● Exercise data
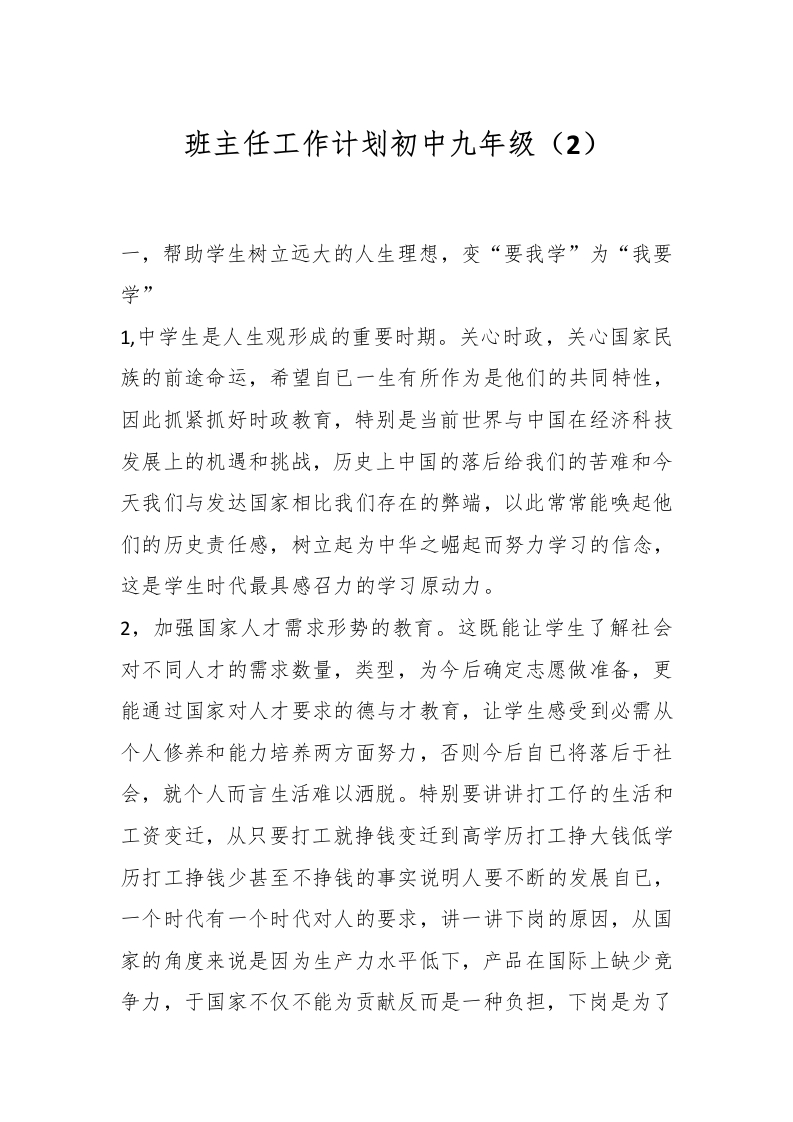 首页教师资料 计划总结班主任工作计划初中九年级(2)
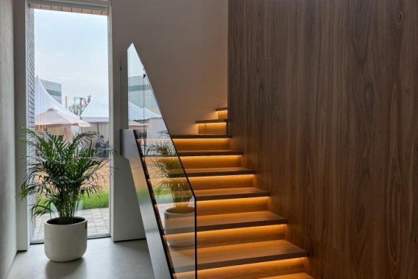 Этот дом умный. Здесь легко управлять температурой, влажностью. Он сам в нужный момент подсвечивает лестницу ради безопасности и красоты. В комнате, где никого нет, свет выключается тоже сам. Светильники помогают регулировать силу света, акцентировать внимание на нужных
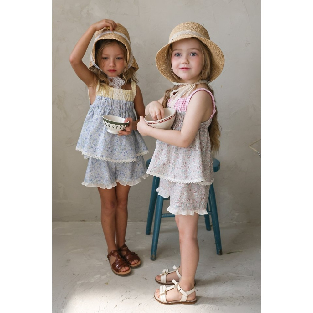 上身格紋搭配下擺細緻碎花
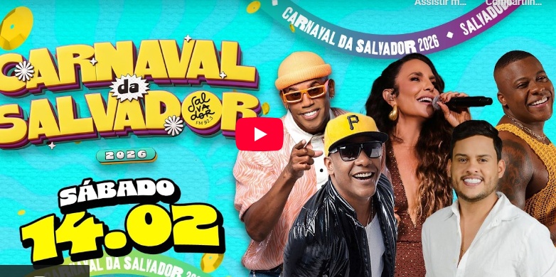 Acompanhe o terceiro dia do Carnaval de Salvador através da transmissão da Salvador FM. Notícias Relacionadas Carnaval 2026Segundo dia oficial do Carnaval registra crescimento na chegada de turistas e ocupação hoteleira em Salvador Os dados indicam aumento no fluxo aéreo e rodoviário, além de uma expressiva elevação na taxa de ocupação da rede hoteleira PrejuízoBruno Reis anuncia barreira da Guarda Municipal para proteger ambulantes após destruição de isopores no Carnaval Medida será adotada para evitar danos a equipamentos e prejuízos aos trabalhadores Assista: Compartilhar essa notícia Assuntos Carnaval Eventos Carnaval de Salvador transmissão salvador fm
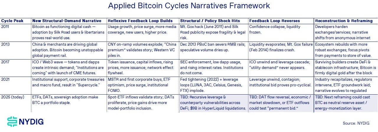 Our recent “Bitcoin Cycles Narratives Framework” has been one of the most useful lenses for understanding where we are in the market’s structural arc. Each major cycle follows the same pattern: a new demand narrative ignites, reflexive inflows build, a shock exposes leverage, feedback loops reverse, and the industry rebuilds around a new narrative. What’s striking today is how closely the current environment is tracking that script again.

● What you are asked to do
Each of the entries above must be output exactly, with none of the pictures.

● Written solution
 首页教师资料 计划总结班主任工作计划初中九年级(2)
 Этот дом умный. Здесь легко управлять температурой, влажностью. Он сам в нужный момент подсвечивает лестницу ради безопасности и красоты. В комнате, где никого нет, свет выключается тоже сам. Светильники помогают регулировать силу света, акцентировать внимание на нужных
 上身格紋搭配下擺細緻碎花
 Acompanhe o terceiro dia do Carnaval de Salvador através da transmissão da Salvador FM. Notícias Relacionadas Carnaval 2026Segundo dia oficial do Carnaval registra crescimento na chegada de turistas e ocupação hoteleira em Salvador Os dados indicam aumento no fluxo aéreo e rodoviário, além de uma expressiva elevação na taxa de ocupação da rede hoteleira PrejuízoBruno Reis anuncia barreira da Guarda Municipal para proteger ambulantes após destruição de isopores no Carnaval Medida será adotada para evitar danos a equipamentos e prejuízos aos trabalhadores Assista: Compartilhar essa notícia Assuntos Carnaval Eventos Carnaval de Salvador transmissão salvador fm
 Our recent “Bitcoin Cycles Narratives Framework” has been one of the most useful lenses for understanding where we are in the market’s structural arc. Each major cycle follows the same pattern: a new demand narrative ignites, reflexive inflows build, a shock exposes leverage, feedback loops reverse, and the industry rebuilds around a new narrative. What’s striking today is how closely the current environment is tracking that script again.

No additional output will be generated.